_Task brief_.
Retype every entry below without pictures.

(Source data)
═══

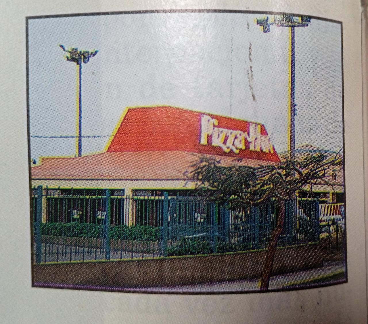 Lo qué hasta el momento quiero ubicar es KFC y Pizza Hut colocados juntos en un solo letrero en la misma puerta y arriba una cadeneta de luces de colores, salió en la sección Economía y Negocios de un Miercoles de Octubre del 2011 en El Comercio en la contraportada cuando recordaron restaurantes del pasado.
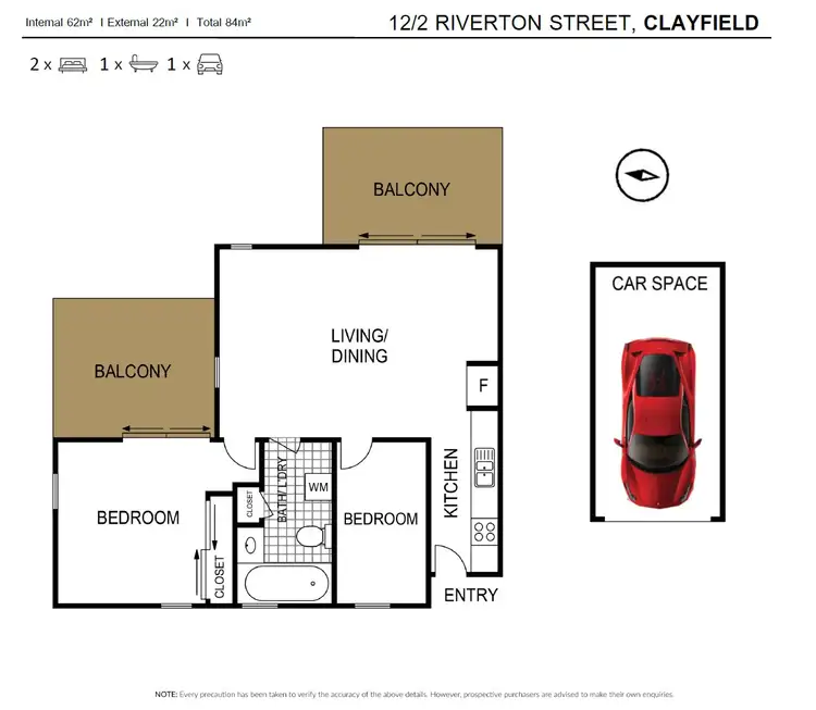 2 Bed • 1 Bath • 1 Car • 84m²
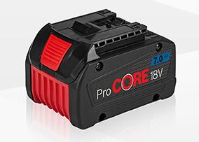 Bosch Professional con la batteria ad alte prestazioni ProCore18V 7,0 Ah dal design ottimizzato delle celle e la riduzione della resistenza interna, garantisce il 90% di potenza in più rispetto alle precedenti batterie da 18 Volt e 6,0 Ah.
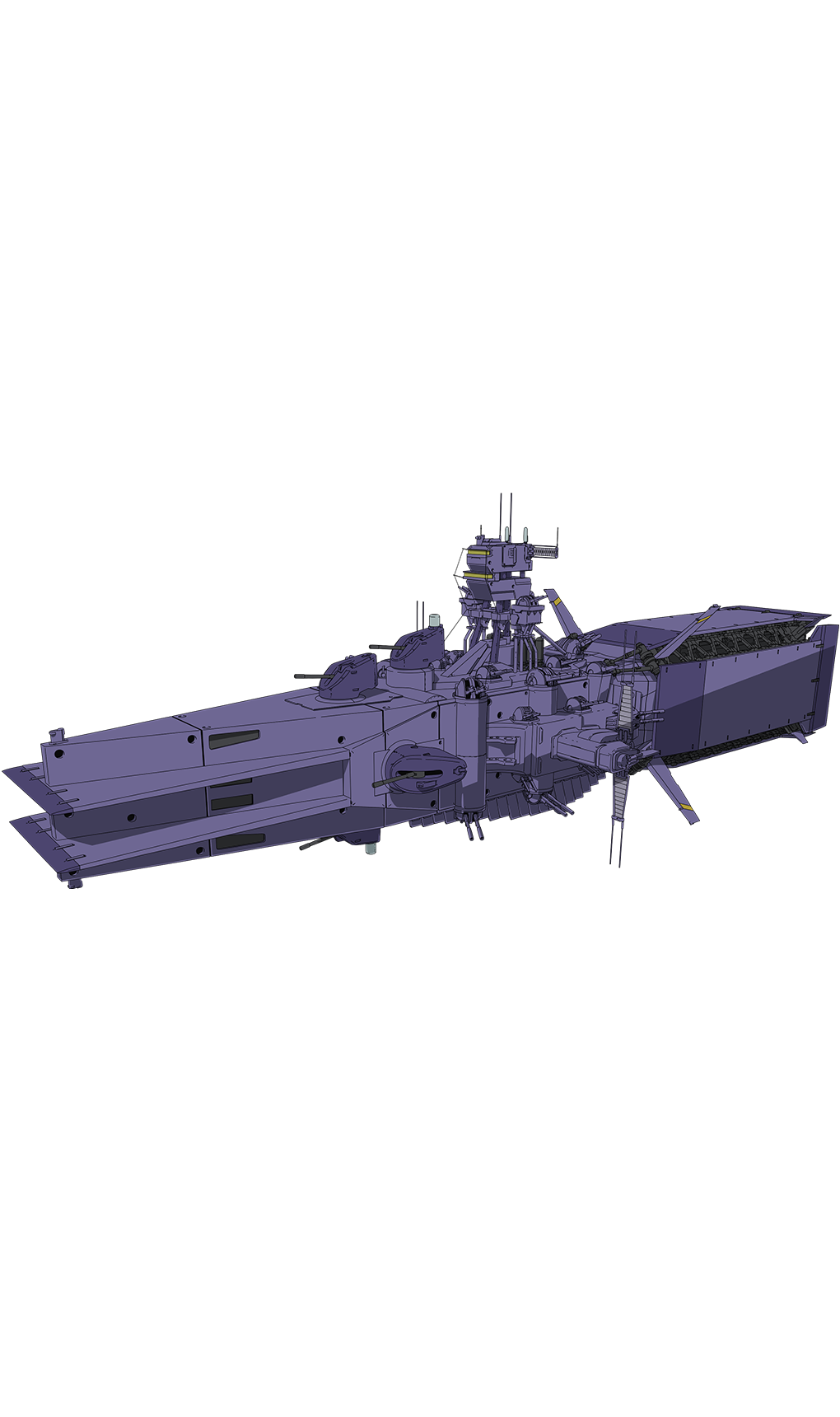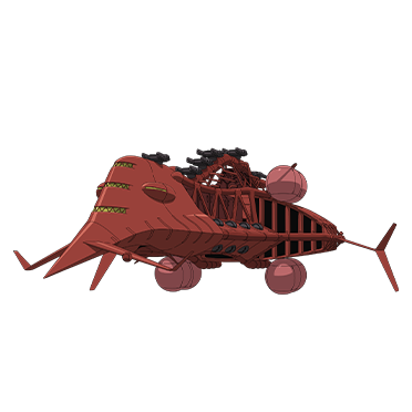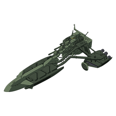 A space battleship operated by Side 6 Military Police. It is a former decommissioned ship of Earth Federation forces that was sold for civilian use. Side 6 has bought those ships and deployed them for self-defense use.
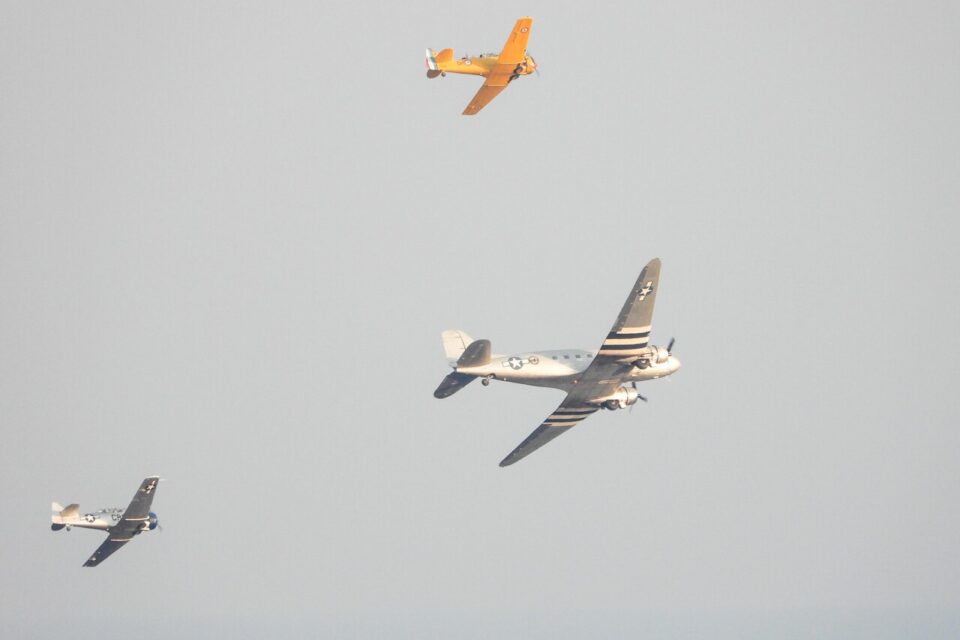 They were a C-47B DC-3 Dakota (the largest in the images), an emblematic plane of the landings, and two T-6G Texans, used during World War II.
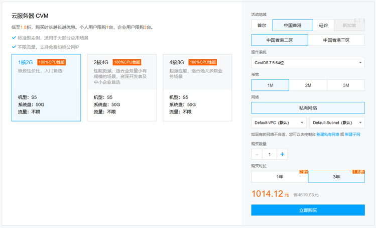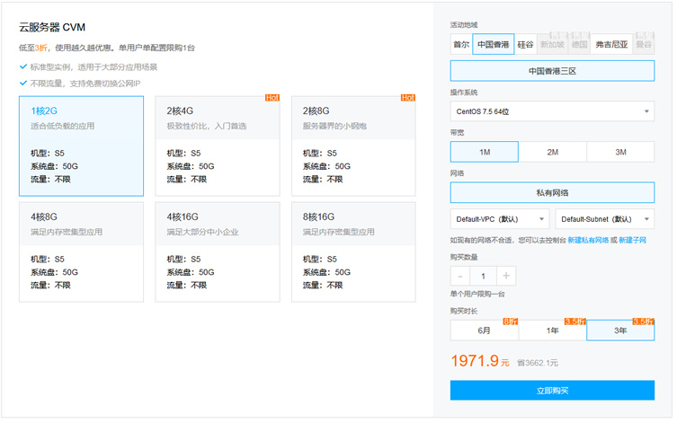 新客活动确实优惠,我们可以选择云服务器CVM方案,包括韩国首尔、中国香港、硅谷和新加坡机房,有的套餐是没有对应机房库存的。比如2G1M香港CVM服务器年付350元左右,三年1014元左右。
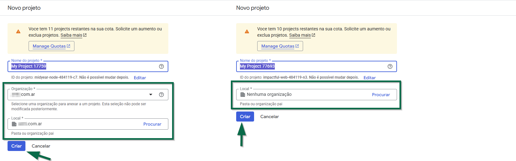 Quando o Google Cloud é acessado com um e-mail corporativo do Google Workspace, os projetos são criados dentro de uma Organização, que representa a empresa e permite governança centralizada, como controle de acesso, políticas de segurança, auditoria e faturamento. Já ao utilizar uma conta pessoal @gmail.com, não há uma organização associada; nesse caso, o projeto não fica vinculado a uma organização.

═══

_Solution for this exercise_.
 Lo qué hasta el momento quiero ubicar es KFC y Pizza Hut colocados juntos en un solo letrero en la misma puerta y arriba una cadeneta de luces de colores, salió en la sección Economía y Negocios de un Miercoles de Octubre del 2011 en El Comercio en la contraportada cuando recordaron restaurantes del pasado.
 2 Bed • 1 Bath • 1 Car • 84m²
 Bosch Professional con la batteria ad alte prestazioni ProCore18V 7,0 Ah dal design ottimizzato delle celle e la riduzione della resistenza interna, garantisce il 90% di potenza in più rispetto alle precedenti batterie da 18 Volt e 6,0 Ah.
 A space battleship operated by Side 6 Military Police. It is a former decommissioned ship of Earth Federation forces that was sold for civilian use. Side 6 has bought those ships and deployed them for self-defense use.
 They were a C-47B DC-3 Dakota (the largest in the images), an emblematic plane of the landings, and two T-6G Texans, used during World War II.
 新客活动确实优惠,我们可以选择云服务器CVM方案,包括韩国首尔、中国香港、硅谷和新加坡机房,有的套餐是没有对应机房库存的。比如2G1M香港CVM服务器年付350元左右,三年1014元左右。
 Quando o Google Cloud é acessado com um e-mail corporativo do Google Workspace, os projetos são criados dentro de uma Organização, que representa a empresa e permite governança centralizada, como controle de acesso, políticas de segurança, auditoria e faturamento. Já ao utilizar uma conta pessoal @gmail.com, não há uma organização associada; nesse caso, o projeto não fica vinculado a uma organização.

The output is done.